Genel
Kadim Bir İbadet: ORUÇ
Bu yazı tumhaber.com’dan alıntılanmıştır.
Dinlerin ortak noktaları farklı noktalarından daha fazladır ve günümüzde yeryüzünde mevcut olan dinler arasında birçok ortak noktalar bulunmaktadır. Bunun sebebi de Din’in, ilahi kökenli olması ve Hz. Adem’den Hz. Muhammed’e gelinceye kadar temelde aynı esaslara dayanmasıdır. İşte bu ortak noktalardan birisi de neredeyse bütün dinlerde bulunan oruç ibadetidir.
Oruç, Hz. Adem’den beri devam eden ve bugün İslam öncesi dinlerde de bulunan kadim bir ibadet çeşididir. Yüce Allah Kur’an-ı Kerim’de orucun, İslam’dan önce de bulunduğunu haber vermiştir: “Ey iman edenler, oruç, sizden öncekilere farz kılındığı gibi, Allah’a karşı gelmekten sakınasınız diye, sayılı günlerde size de farz kılındı. (Bakara 2/183-184). Bu ayetten, orucun sadece Muhammed ümmetine has kılınmadığını, kadim bir ibadet şekli olarak İslam öncesi dinlerde ve ümmetlerde de bulunduğu anlaşılmaktadır.
Oruç insanı, hayvanî duygulardan alıkoymak ve nefsânî arzulardan uzaklaştırmak için farz kılınmış bir ibadettir. Bu amaçla oruç tutan melekiyet kazanmış ve meleklerin yaradılışına benzemiş/yaklaşmış olmaktadır. Zira melekler nurdan yaratılmış, yemekten, içmekten ve cinsel ilişkiden münezzeh varlıklardır.
Diğer dinlerin aksine İslam’a göre orucun zamanı, kuralları ve şartları bizzat dinin Kutsal kitabında ve Peygamberinin sünnetinde belirlenmiştir. Hıristiyanlıkta ve Yahudilikte olduğu şekilde hiçbir kimsenin, otoritenin veya kurumun bunları değiştirme yetkisi yoktur. Zira Yüce Allah Kur’an’da orucun zamanını, başlayış ve bitiş süresini, oruç tutamayanların yapması gereken şeyleri açıklamıştır:
“Ey iman edenler, oruç, sizden öncekilere farz kılındığı gibi, Allah’a karşı gelmekten sakınasınız diye, sayılı günlerde size de farz kılındı”. “İçinizden hasta olan veya yolculukta bulunan, tutamadığı günlerin sayısınca diğer günlerde tutar. Oruca dayanamayanlar, bir düşkünü doyuracak kadar fidye verir”. “Ramazan ayı ki onda Kuran, insanlara yol gösterici ve doğruyu yanlıştan ayırıcı belgeler olarak indirildi. Sizden bu ayı idrak eden, onda oruç tutsun; hasta veya yolculukta olan, tutamadığı günlerin sayısınca diğer günlerde tutsun”. “Oruç tuttuğunuz günlerin gecesi kadınlarınıza yaklaşmanız size helal kılındı… Tan yerinde, beyaz iplik siyah iplikten sizce ayırt edilinceye kadar, yiyin için, sonra orucu geceye kadar tamamlayın”. (Bakara, 2/ 183-185, 187).

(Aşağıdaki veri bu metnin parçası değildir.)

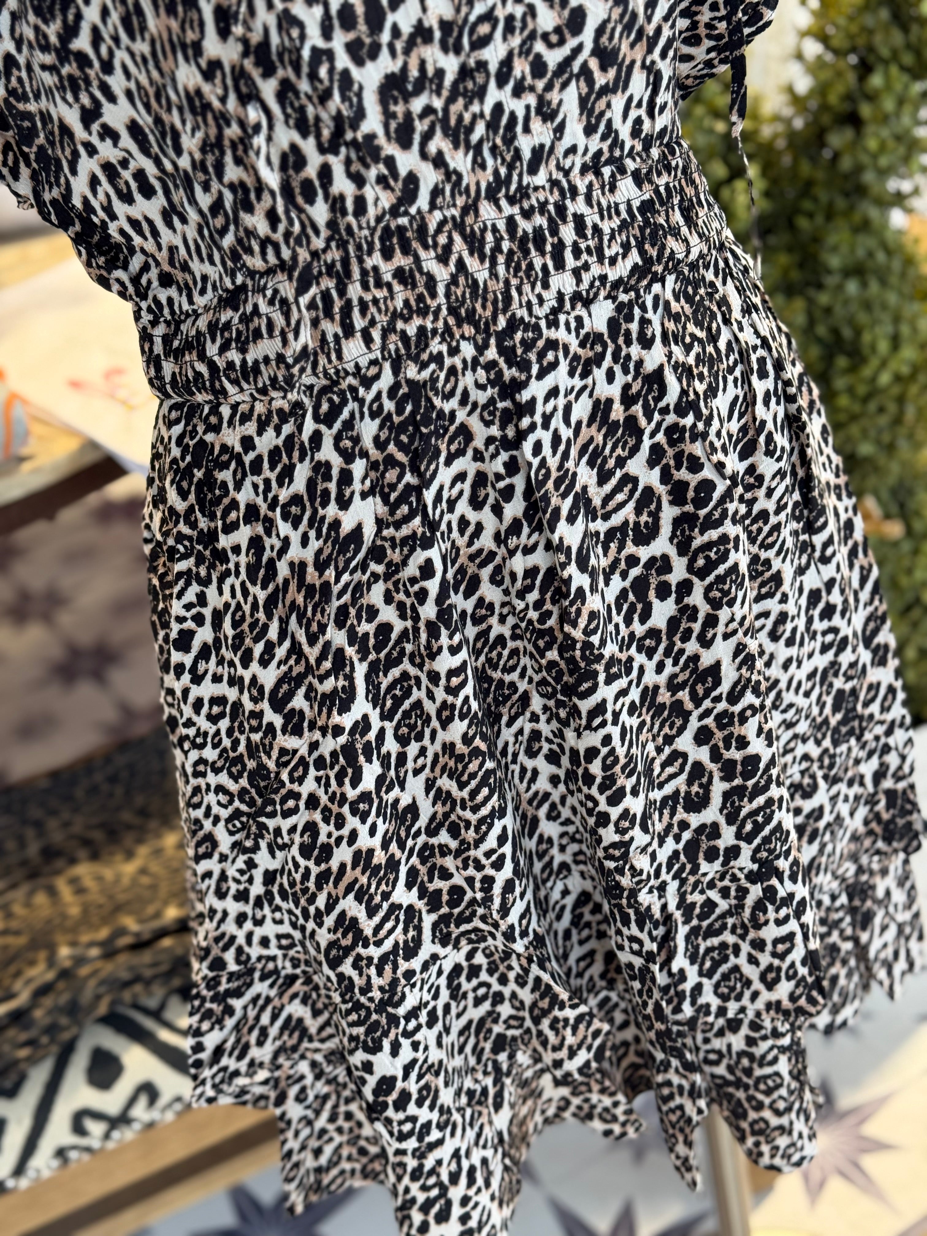 Super flattering cheetah fabric dress with smocked skirt waistline. Runs true

Hz. Muhammed Medine’ye hicret ettiğinde Yahudilerin aşure orucunu tuttuklarını görmüş, Yahudilere bunun ne olduğunu sorunca, “Allah’ın İsrail oğullarını Firavunun zulmünden kurtardığı gün” cevabını almıştır. Bunun üzerine “Ben Musa’ya sizden daha yakınım” diyerek hem kendisi aşure orucunu tutmuş ve hem de Müslümanlara tutmalarını öğütlemiştir. (Buhari, Müslim, Ebu Davud).

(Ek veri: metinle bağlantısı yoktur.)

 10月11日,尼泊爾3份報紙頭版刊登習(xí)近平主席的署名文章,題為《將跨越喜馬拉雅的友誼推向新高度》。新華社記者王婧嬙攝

Yahudilikte oruç düzensiz ve istikrarsız bir şekilde yılın değişik günlerine yayılmıştır. Bu durumuyla vakitleri ancak uzman bilginlerce bilinebilecek şekilde karmaşıktır. Bu dindeki en önemli oruç, Tevrat’ta emredilen Yom Kipur orucudur. Bu yüzden Reformist Yahudiler yalnızca bu orucu kabul ederler. Bu oruç, akşam gün batımında başlayarak ertesi akşam gün batımına kadar, 24 saat devam etmektedir. Bu şekliyle gerçekten insan tahammülünü zorlayıcı niteliktedir. Ortodoks Yahudilikte bundan başka daha birçok oruç bulunmaktadır. Yahudi orucunun temel özelliği daha çok Yahudilerin tarih içinde başlarına gelen felaketlerin anısına tutulan matem ve kefaret orucu niteliğinde olmasıdır.

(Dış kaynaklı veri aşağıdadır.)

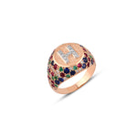 H LETTER GOLD RING WITH DIAMOND, SAPPHIRE, RUBY AND EMERALD STONES - SACRED COLLECTION

Hıristiyanlıkta, kiliselerin ibâdet takvimlerinde cemaati teşvik etmek için oruç ibâdeti yer almakla birlikte Hıristiyanlar diledikleri zaman oruç tutabilmektedirler. Bu dinde, Okaristik/Şükran orucu ve Eklesiyastik/Kilise orucu olmak üzere iki çeşit oruç bulunmaktadır. Bu iki oruç genelde Katolikler tarafından yerine getirilirken, Protestanlar bu oruçları tutmamaktadırlar. Okaristik oruç, Evharistiya denilen ekmek şarap ayininden önce belirli bir süre her türlü yiyecek ve içecekten uzak durma şeklinde yerine getirilmektedir. Eklesiyastik oruç ise Katolik kilisesindeki kırk günlük perhiz dönemidir. Bu oruç döneminde hayvansal gıdalar, et, tavuk ve tatlı cinsinden yiyecekler yenmez, alkol kullanılmaz. Su ve ekmek gibi temel yiyecekler yenir. Hıristiyan orucunun temel niteliği vakitlerinin değişebilir olması ve gerçek anlamından uzak bir nevi perhiz şekline dönüşmüş olmasıdır.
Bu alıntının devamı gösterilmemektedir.